**Data listing:**

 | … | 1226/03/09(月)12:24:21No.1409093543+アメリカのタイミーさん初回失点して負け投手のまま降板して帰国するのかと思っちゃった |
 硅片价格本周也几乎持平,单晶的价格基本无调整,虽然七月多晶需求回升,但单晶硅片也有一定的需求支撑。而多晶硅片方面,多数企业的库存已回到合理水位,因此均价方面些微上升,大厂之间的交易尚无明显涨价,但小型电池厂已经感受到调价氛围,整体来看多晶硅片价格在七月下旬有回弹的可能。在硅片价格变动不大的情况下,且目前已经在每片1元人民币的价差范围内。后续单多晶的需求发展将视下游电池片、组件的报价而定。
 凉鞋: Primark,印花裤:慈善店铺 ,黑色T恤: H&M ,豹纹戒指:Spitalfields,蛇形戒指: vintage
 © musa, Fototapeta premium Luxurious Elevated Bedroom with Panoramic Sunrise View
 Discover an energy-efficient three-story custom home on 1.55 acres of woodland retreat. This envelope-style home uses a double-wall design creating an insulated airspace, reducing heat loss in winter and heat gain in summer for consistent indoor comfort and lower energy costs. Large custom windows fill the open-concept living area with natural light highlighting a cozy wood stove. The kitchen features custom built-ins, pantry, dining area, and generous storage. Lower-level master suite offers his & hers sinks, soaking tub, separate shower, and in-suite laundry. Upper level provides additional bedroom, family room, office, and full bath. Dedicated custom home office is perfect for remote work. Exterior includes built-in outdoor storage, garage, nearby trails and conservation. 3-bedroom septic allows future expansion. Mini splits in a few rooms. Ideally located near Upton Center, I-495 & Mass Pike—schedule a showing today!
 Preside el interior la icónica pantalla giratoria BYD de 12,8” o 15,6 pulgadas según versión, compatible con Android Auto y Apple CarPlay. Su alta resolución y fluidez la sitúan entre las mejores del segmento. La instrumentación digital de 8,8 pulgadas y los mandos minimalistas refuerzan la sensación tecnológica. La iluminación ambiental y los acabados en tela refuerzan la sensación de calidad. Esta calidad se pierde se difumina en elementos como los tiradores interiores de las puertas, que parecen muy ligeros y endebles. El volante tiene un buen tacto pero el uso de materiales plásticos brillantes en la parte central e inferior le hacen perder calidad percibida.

...

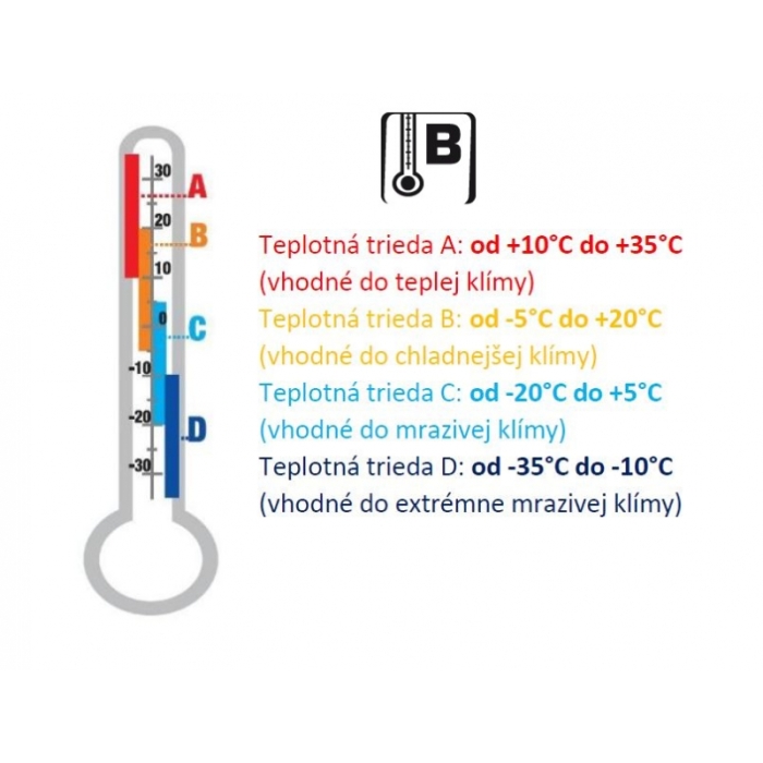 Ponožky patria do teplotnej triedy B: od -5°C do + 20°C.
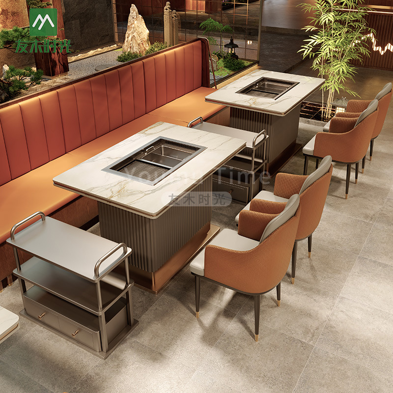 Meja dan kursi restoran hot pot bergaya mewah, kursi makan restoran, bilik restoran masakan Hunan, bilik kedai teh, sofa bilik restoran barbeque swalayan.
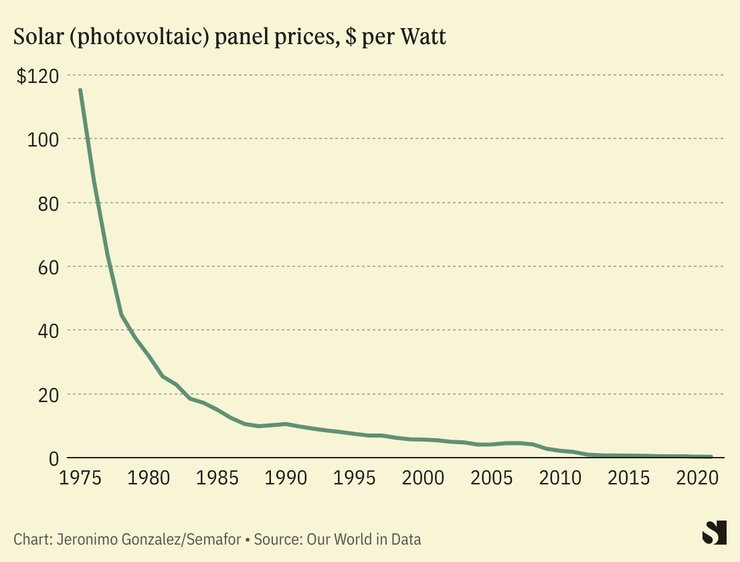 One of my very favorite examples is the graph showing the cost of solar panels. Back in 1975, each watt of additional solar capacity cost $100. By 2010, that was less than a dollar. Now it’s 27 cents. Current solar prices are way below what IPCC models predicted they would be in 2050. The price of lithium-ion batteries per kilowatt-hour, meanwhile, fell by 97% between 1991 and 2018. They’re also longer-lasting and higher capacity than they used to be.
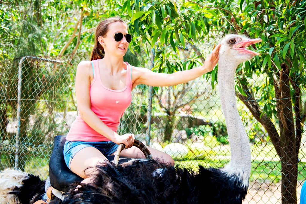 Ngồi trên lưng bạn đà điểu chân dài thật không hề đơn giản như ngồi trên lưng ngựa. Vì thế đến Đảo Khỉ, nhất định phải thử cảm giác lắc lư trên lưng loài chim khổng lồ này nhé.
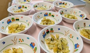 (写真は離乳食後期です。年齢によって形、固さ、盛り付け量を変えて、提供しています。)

**What you need to do:**
Starting with the line that has "One of my very" and going on through the line that has "(写真は離乳食後期です。年齢", transcribe the records above exactly, but skip the pictures.

**Exercise result:**
 One of my very favorite examples is the graph showing the cost of solar panels. Back in 1975, each watt of additional solar capacity cost $100. By 2010, that was less than a dollar. Now it’s 27 cents. Current solar prices are way below what IPCC models predicted they would be in 2050. The price of lithium-ion batteries per kilowatt-hour, meanwhile, fell by 97% between 1991 and 2018. They’re also longer-lasting and higher capacity than they used to be.
 Ngồi trên lưng bạn đà điểu chân dài thật không hề đơn giản như ngồi trên lưng ngựa. Vì thế đến Đảo Khỉ, nhất định phải thử cảm giác lắc lư trên lưng loài chim khổng lồ này nhé.
 (写真は離乳食後期です。年齢によって形、固さ、盛り付け量を変えて、提供しています。)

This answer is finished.